🤖 AI Summary
To address low spatial reuse (SR) efficiency and poor fairness in multi-AP coexistence scenarios envisioned for Wi-Fi 8 and beyond, this paper proposes a distributed online learning framework based on multi-agent multi-armed bandits (MA-MAB). It is the first to jointly optimize packet detection (PD) threshold adaptation and transmit power control within an MA-MAB paradigm. A decentralized reward-sharing mechanism enables AI-native, coordinator-free dynamic SR optimization. Evaluated on the Komondor simulation platform, the proposed approach achieves a 15% average throughput gain, a 210% improvement in minimum network throughput, and a maximum access delay of ≤3 ms.
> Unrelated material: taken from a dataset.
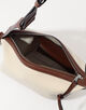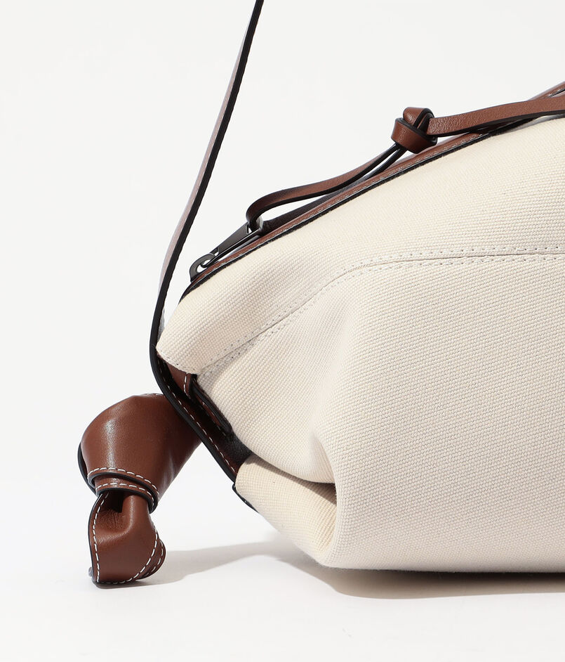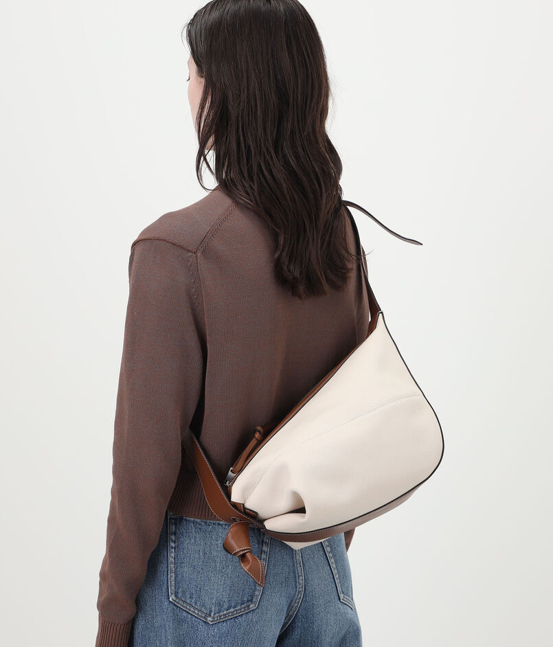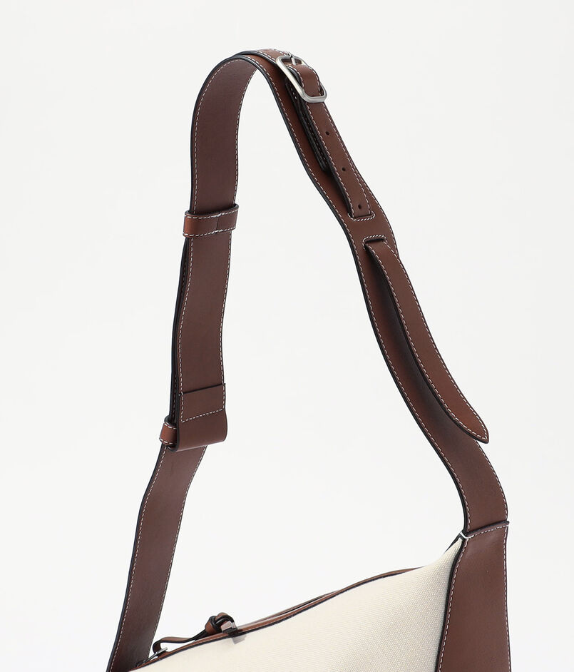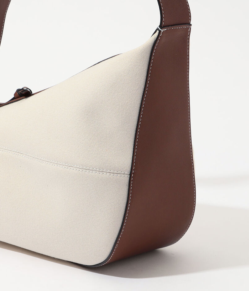 コットンのナチュラルな質感に、やわらかなイタリアンカウレザーが上品なコントラストを添えるデザイン。

These results demonstrate substantial gains in spectral efficiency and user fairness under dense multi-AP deployments.
📝 Abstract
Multi-Access Point Coordination (MAPC) and Artificial Intelligence and Machine Learning (AI/ML) are expected to be key features in future Wi-Fi, such as the forthcoming IEEE 802.11bn (Wi-Fi~8) and beyond. In this paper, we explore a coordinated solution based on online learning to drive the optimization of Spatial Reuse (SR), a method that allows multiple devices to perform simultaneous transmissions by controlling interference through Packet Detect (PD) adjustment and transmit power control. In particular, we focus on a Multi-Agent Multi-Armed Bandit (MA-MAB) setting, where multiple decision-making agents concurrently configure SR parameters from coexisting networks by leveraging the MAPC framework, and study various algorithms and reward-sharing mechanisms. We evaluate different MA-MAB implementations using Komondor, a well-adopted Wi-Fi simulator, and demonstrate that AI-native SR enabled by coordinated MABs can improve the network performance over current Wi-Fi operation: mean throughput increases by 15%, fairness is improved by increasing the minimum throughput across the network by 210%, while the maximum access delay is kept below 3 ms.